How to Update Your Charge Master for the New Fee Schedule
The charge description master (CDM) is the foundation of your billing operation — every charge your practice generates flows through it. An outdated CDM generates incorrect payments, denials for deleted codes, and missed revenue from new codes or higher-valued existing codes. The annual fee schedule update is the most predictable and impactful CDM maintenance event of the year.
A systematic CDM update process for 2026 involves four steps. First, identify deleted codes: cross-reference your active CDM codes against the AMA's deleted code list and remove any codes that are no longer valid after January 1. Second, add new codes: for any new Category I codes that fall within your specialty's scope of practice, add the code with the correct 2026 RVU value and an appropriate charge amount. Third, update RVU values for existing codes: for codes that had RVU changes in 2026, update the expected payment amount in your system. Fourth, review your charge amounts relative to the new Medicare rates: if your charge amount for a code is below the new Medicare allowable, you're effectively capping your reimbursement from any payer that pays less than charges.
The timing of this update matters. CDM changes should take effect for dates of service on or after January 1. Claims for December dates of service should still use 2025 values. Most billing systems support date-effective fee schedule updates that automatically apply the right values based on the claim's date of service — but this requires the update to be loaded before the first January claims are generated, not after. A CDM update completed in mid-January will leave several weeks of January claims processed at the wrong rates.
Checking 2026 Rates with DenialStop's Fee Schedule Tool
DenialStop's Medicare Fee Schedule Lookup gives you instant access to 2026 RVU values and payment rates for any CPT or HCPCS code without downloading or maintaining the full CMS PPRRVU data file. Enter a code, and the result shows work RVU, practice expense RVU (facility and non-facility), malpractice RVU, total RVUs, national unadjusted payment amounts for both facility and non-facility settings, global surgery period, PC/TC indicator, and billing indicators including multiple procedure, bilateral, and assistant surgeon.

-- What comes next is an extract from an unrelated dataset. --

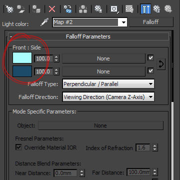 13)falloff 맵에서 front:side의 falloff type을 perpendicular/parallel로 설정합니다.

Several specific use cases where the tool is most useful for billing teams working through the 2026 update:
- Verifying a code's 2026 payment before the first claim is submitted. For any new code added to your charge master, or any code where you're aware of an RVU change, pull the current value from the lookup before the charge is built.
- Contract analysis. If your commercial contracts are expressed as a percentage of Medicare, the 2026 Medicare rate is your baseline for calculating what each contract should pay. The lookup gives you the non-facility rate (for office-based services) or facility rate (for hospital and ASC-based services) that feeds into that calculation.
- Checking global surgery periods. If a procedure's global period is relevant to how you're billing associated E&M services, the fee schedule lookup displays the global indicator (000, 010, 090, XXX, ZZZ, MMM) for every code.
- Answering provider questions about payment. When a physician asks why a procedure pays what it does, the tool lets you walk through the RVU components and show exactly how the payment is calculated — which is a more satisfying and educational answer than "that's just what Medicare pays."
The data in DenialStop's fee schedule tool reflects the 2026 Q3 PPRRVU release — the most current quarterly update from CMS. Payment rates are the national unadjusted amounts; actual payment in your locality will differ based on GPCI values. For locality-specific payment calculations, apply your area's GPCI values to the component RVUs before multiplying by the conversion factor.